Hello Joe,
>
>      I have difficulty with the concept of many distinct programs, each
> representing an individual conscious entity. My understanding of modern
physics
> is that the concept of an isolated individual is essentially obsolete, in
that
> nothing can be defined without relation to everything else. As a result,
surely
> the underlying "program" for each must be similarly connected, so that in
fact
> an individual physical object is simply a concentration of processes
operating
> in one part of the program?

Indeed. Our universe operates via simple laws, and, as a consequence, all
the complexity that it generates must be highly compressible. That implies
that everything becomes related at the macroscopic level.

>       The significance of this is that the paradox of intelligent objects
> doesn't arise at all. I work on the assumption that your program is
synonymous
> with universal awareness (the abstract form of consciousness), and that
> intelligence would be the result of local information-processing systems.
> Partly because of the view of everything being inter-related, I'm
uncomfortable
> with a sharp, intelligent/non-intelligent distinction, and have no problem
with
> a mechanical object expressing a very low degree of "intelligence".
Indeed,
> anything which responds to stimuli could be seen in this way, including a
rock
> undergoing thermal expansion. However, an object can only become
self-aware
> once the processing centre is reasonably complex, and  based on sufficient
> local inputs to define a boundary to the region of the observer; this, I
guess,
> would be the manifestation of a closed (or at least self-referent)
processing
> loop within the program.
>     As I understand your view, it by-passes the paradox by introducing
> arbitrariness, and any approach of this type seems to me to result in more
> problems. At what point in evolution did an organism first become
intelligent?
> Do we then assume that a qualitatively different faculty was introduced?
If so,
> how? These sorts of questions seem to be the result of over-reductionism,
of
> separating gradations into artificial categories. (Of course, being a
> palaeontologist, I spend much of my time doing just that, but never mind!)
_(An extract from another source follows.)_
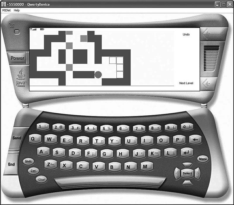 Пример игры Worm – это вариация известной игры Snake, о которой вы узнали в предыдущей главе. Поиграйте немного в игру и поэкспериментируйте с эмулятором. Когда закончите и закроете окно эмулятора, попробуйте другую конфигурацию устройства, которую можно выбрать из выпадающего меню инструмента KToolbar. На рис. 2.9 показана игра PushPuzzle, эмулированная на устройстве с конфигурацией Qwerty.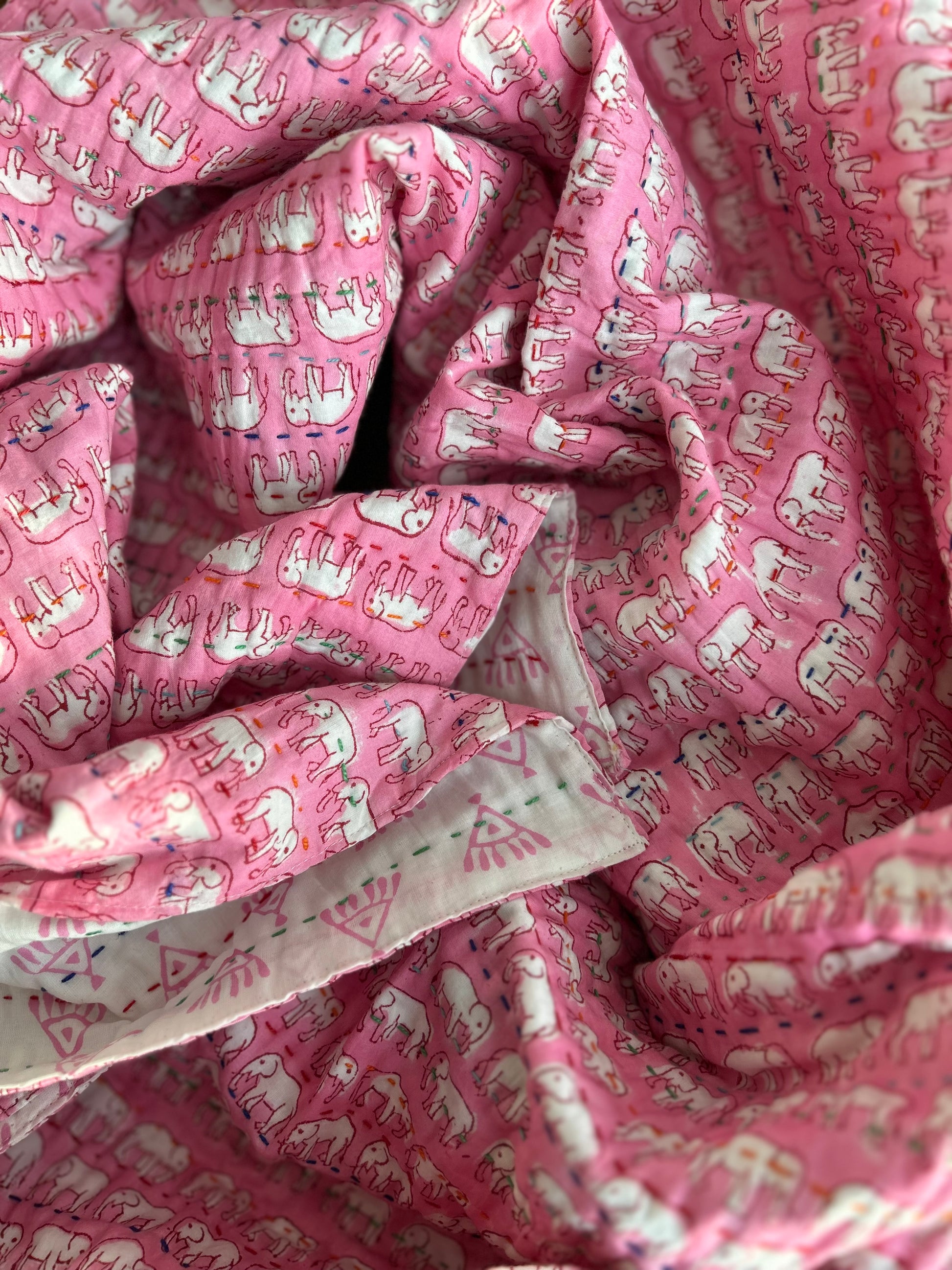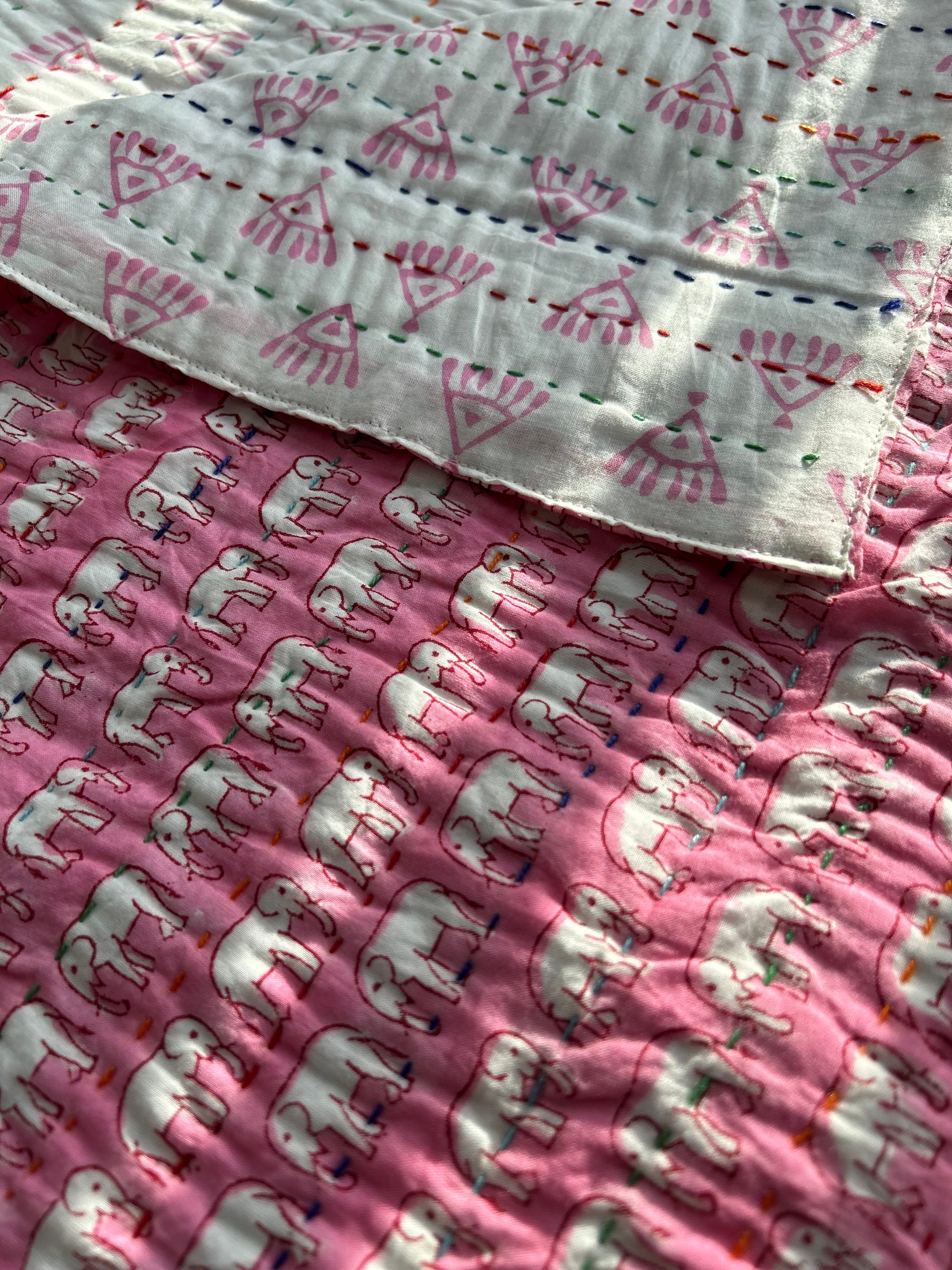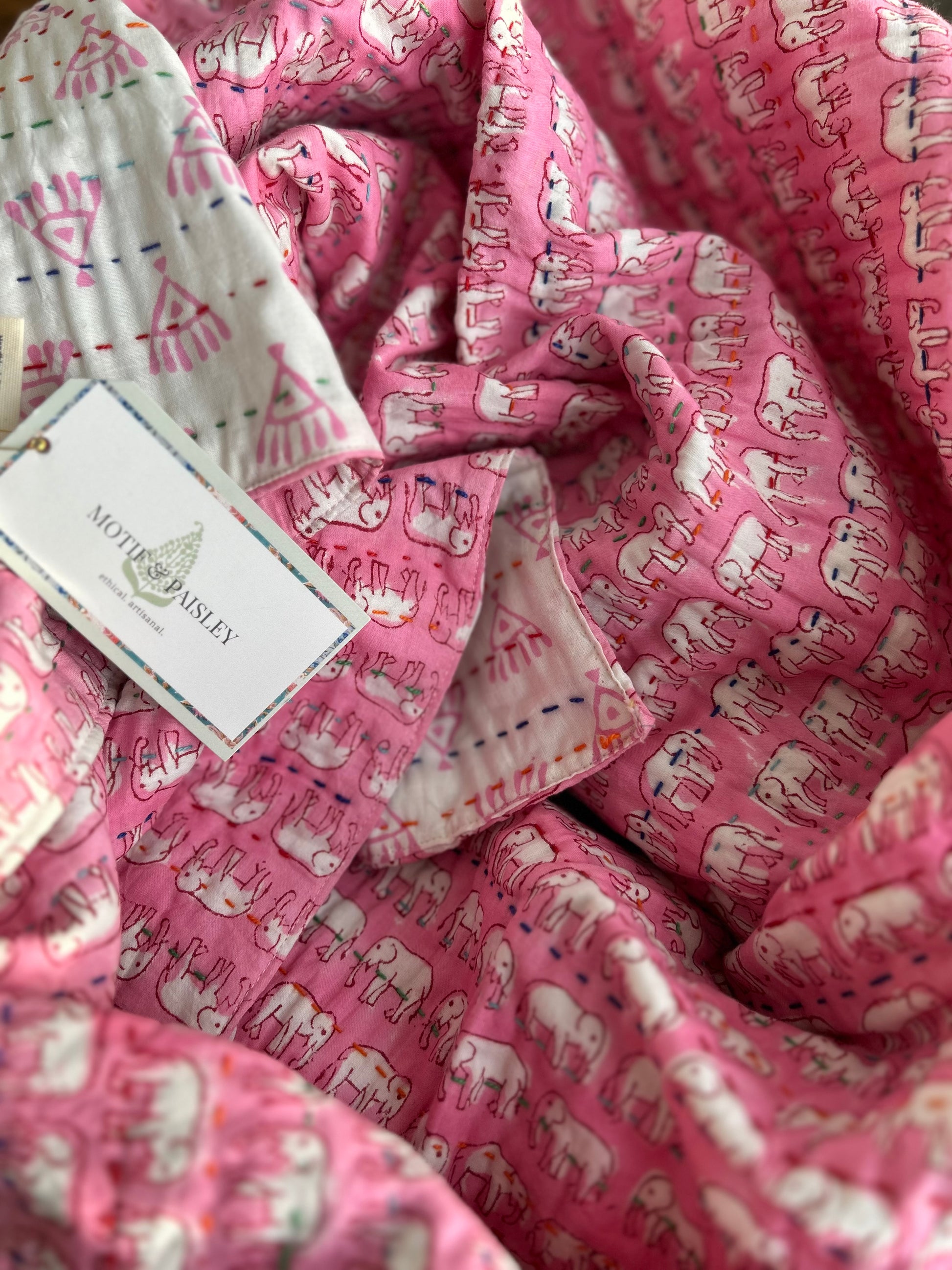 Tusker Cotton Blockprinted Baby Blanket (Lightly Quilted)

Some interesting thoughts here. Actually I don't think we disagree at all! I
also think that one has to look at the system in question and look at the
information processing capabilities. E.g. an ants nest could be found to be
conscious...

So, I am not saying that only certain programs are conscious and others not.
I am really saying that if you the universe is running (in some
approximation) a certain program in my head. That program defines me. If you
run that program on a computer, that computer would have my consciousness,
i.e. that computer would be me. Since most members of this list (except for
Russell?) believe that our universe itself a program, you could say that in
some sense it is conscious. Most of us think, however, that our universe's
program is very simple. A retarded amoeba would probably be more
intelligent.

Now, one of the reason why I introduced these ''personal programs'' is that
one needs an objective way to tell who is who. I will write more about this
(in particular about how to resolve the quantum suicide problem) when I have
more time (probably in a few weeks from now).